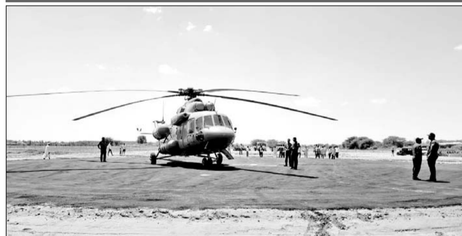
दिल्ली से डिग्गी पहुंचे वायु सेना के हेलीकॉप्टर ने तीनों हेलीपैडों पर अलग-अलग समय पर लैंडिंग कर पूर्वाभ्यास किया।

उपराष्ट्रपति जगदीप धनकड़ पांच सितम्बर को आयेंगे
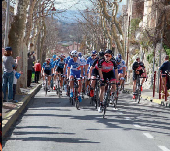
22/02 | Les cyclistes du Tour de Provence passent par le village des Pennes
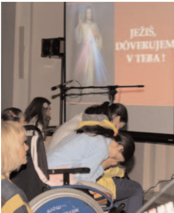
Božie Milosrdenstvo - nádej a istota pre každého z nás.

GOSPA NA SLOVENSKU * CESTA K POKOJU * V BOJI SO ZLOM * CHRÁŇME SI PASTIEROV * NAJVÄČŠÍ DAR
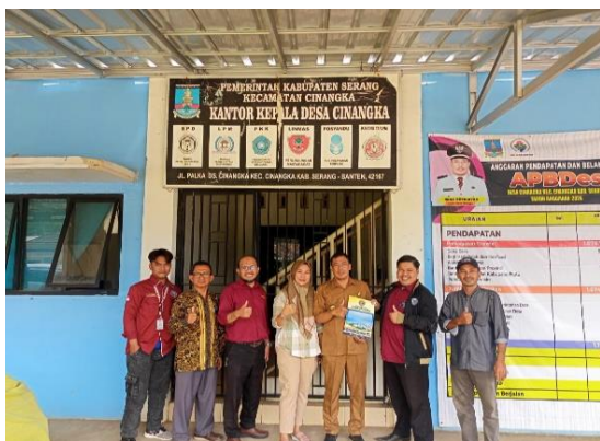
Gambar 4. Kunjungan Ke Lapangan dan Koordinasi Dengan Mitra Sasaran

tim, masyarakat setempat terutama mitra “Bina Usaha” sangat bersemangat dan apresiatif atas penyampaian motivasi oleh tim. Selain itu, Tim melakukan pengumpulan data dan identifikasi masalah pada mitra “Bina Usaha” juga masyarakat sekitar mengenai kendala yang dihadapi dalam pemasaran produk ataupun dalam pengolahan biji melinjo. Setelah identifikasi masalah terkumpul tim melaksanakan FGD dengan mitra untuk jadwal pelaksanaan PKM di Desa Cinangka. Analisa awal dan sosialisasi PKM yang dilaksanakan oleh tim berjalan dengan lancar dengan penyambutan hangat dari pejabat setempat BUMDes mitra “Bina Usaha” dan juga Bapak Lurah serta antusias dari masyarakat sekitar.
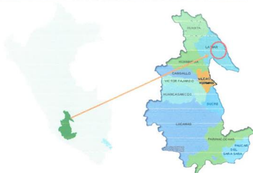
Imagen 01: Ubicación Nacional – Regional – Provincial
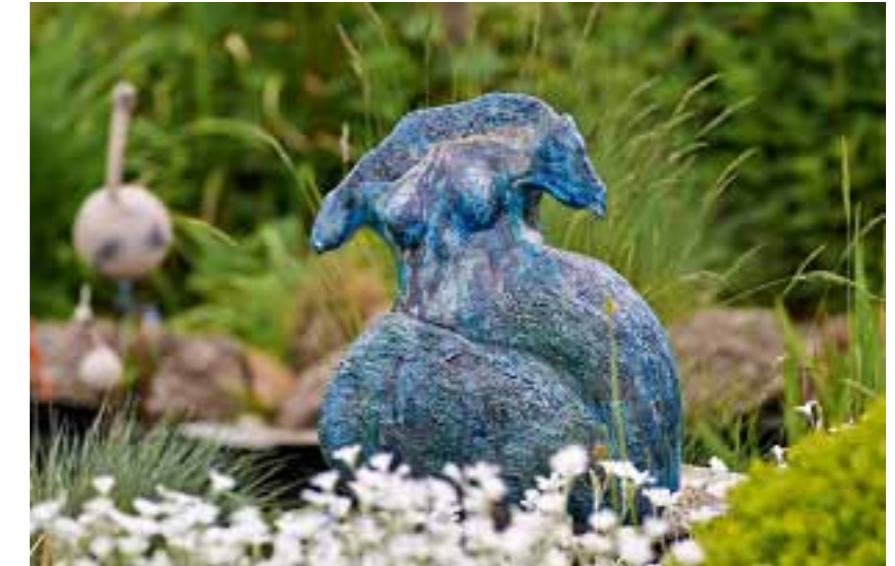
De tuin is een geschikte omgeving om kunst te presenteren. Op de foto keramiek van Jacqueline Louz

==*==

• [Your instructions]: Your task is to repeat exactly the lines from the beginning of the data to the line that contains "Gambar 4. Kunjungan", both ends included, leaving out pictures.

• [Expected answer]:
दिल्ली से डिग्गी पहुंचे वायु सेना के हेलीकॉप्टर ने तीनों हेलीपैडों पर अलग-अलग समय पर लैंडिंग कर पूर्वाभ्यास किया।

उपराष्ट्रपति जगदीप धनकड़ पांच सितम्बर को आयेंगे
22/02 | Les cyclistes du Tour de Provence passent par le village des Pennes
Božie Milosrdenstvo - nádej a istota pre každého z nás.

GOSPA NA SLOVENSKU * CESTA K POKOJU * V BOJI SO ZLOM * CHRÁŇME SI PASTIEROV * NAJVÄČŠÍ DAR
Gambar 4. Kunjungan Ke Lapangan dan Koordinasi Dengan Mitra Sasaran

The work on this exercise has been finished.